▶ _WHAT TO PRODUCE_:
Leaving out all pictures, copy the lines below exactly, from the line with "Nutmeg/ rusty orange" to the last line, both ends included.

▶ _SOURCE MATERIAL_:
---

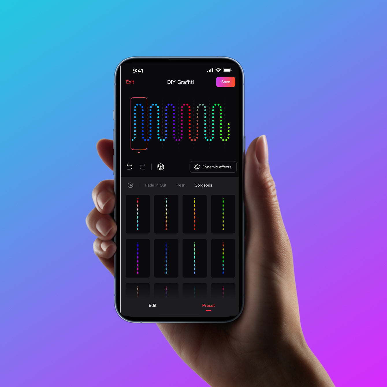 • Dazzling preset lighting effects
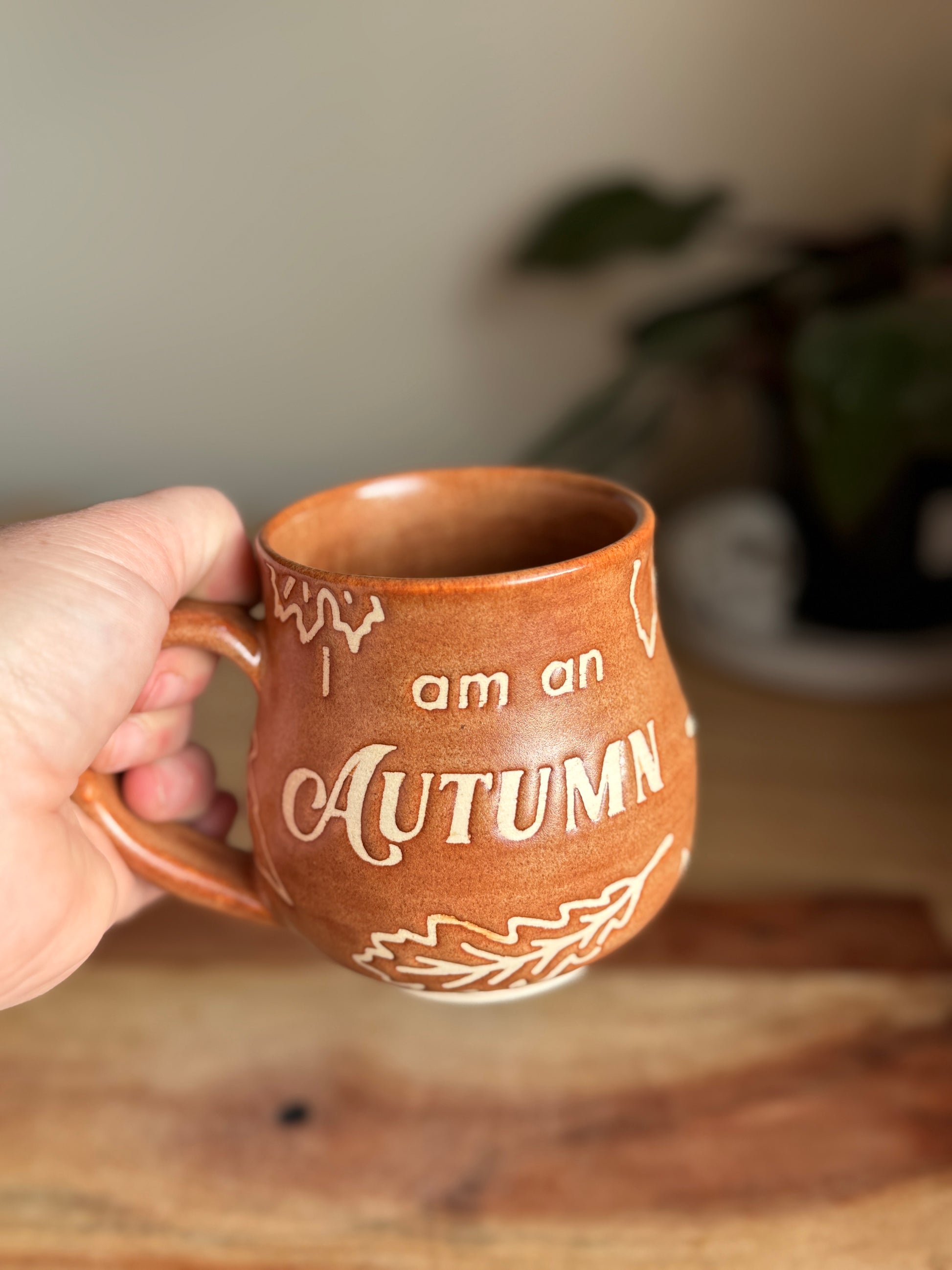 Nutmeg/ rusty orange coloured mug with the text “I am an Autumn” and leaves on it in resist. This is a quote from Richard Gilmore in the Gilmore Girls. It is made with white clay and holds approximately 15 oz.
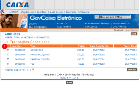 Cancelado (1). Para visualizar os detalhes da
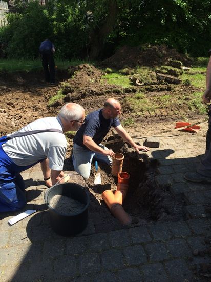 Die Entwässerung wurde verlegt und die Baugrube verfült

---

▶ _SOLUTION BELOW_:
 Nutmeg/ rusty orange coloured mug with the text “I am an Autumn” and leaves on it in resist. This is a quote from Richard Gilmore in the Gilmore Girls. It is made with white clay and holds approximately 15 oz.
 Cancelado (1). Para visualizar os detalhes da
 Die Entwässerung wurde verlegt und die Baugrube verfült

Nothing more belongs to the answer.